Edit: It is advisable to avoid and and all “pre-” or “post-processing” activities in an attempt to coerce the format and account for variations. Strive to keep it simple. Of course, you’ll be limited by what the target system can do. rfc4180 is a great reference for how to structure delimited files and support all data values.
Thanks guys for your feedback.
Unfortunately, the target application does not want to change their double pipe format as it is a big impact for them and they expect an output format as follows : FR||AS||1||LIX||110||1||2021-11-01T08:43:28||3090602017600||0||890||123456789
I think the way to do it, it’s to replace a double pipe with a single pipe and do the processing.
Yep, that’ll do the trick.
This could go sideways if you’re dealing with heavy volumes coupled with large files, so be sure to follow the usual guidelines -
- Use the “Scope” property to limit the pipeline replications/handoffs of the file content (transformers are another option, but use what suits your design best) to child services
- Explicitly cleanup obsolete variables at appropriate places throughout the flow, and not just at the end
- If you are dealing with large files, then follow large-file handling principles, test for performance and benchmark the throughputs
- Gauge and make necessary resource (cores, heap) adjustments, based on #3
Thank you so much for these tips.
How will you handle the case where | is in the data?
Another possibility, though a bit ugly, is to define dummy fields in the FF schema that never have data in them.
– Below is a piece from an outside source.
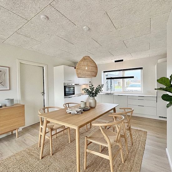 Welcome to Hyldebærhaven! The townhouse offers 91 m² of well-utilized living space divided into 3 rooms and is designed with a focus on a practical and modern everyday life. The heart of the home is a bright living environment where the kitchen and living room are combined in an open and inviting solution. Here, the large windows create a natural influx of light, giving the room a light and friendly atmosphere. The two rooms provide flexibility in furnishing and can be used as a bedroom, children's room, guest room, or office – depending ...

This will cause the FF generation to create empty fields – resulting in || between each “real” field.
Ugly. But perhaps more acceptable than a replace ‘|’ with “||” that could go astray depending upon data content.
I’d be interested in learning more about what that impact might be. Delimiters should be changeable without much fanfare. We’re back to wondering why they did this in the first place.
This topic was automatically closed 90 days after the last reply. New replies are no longer allowed.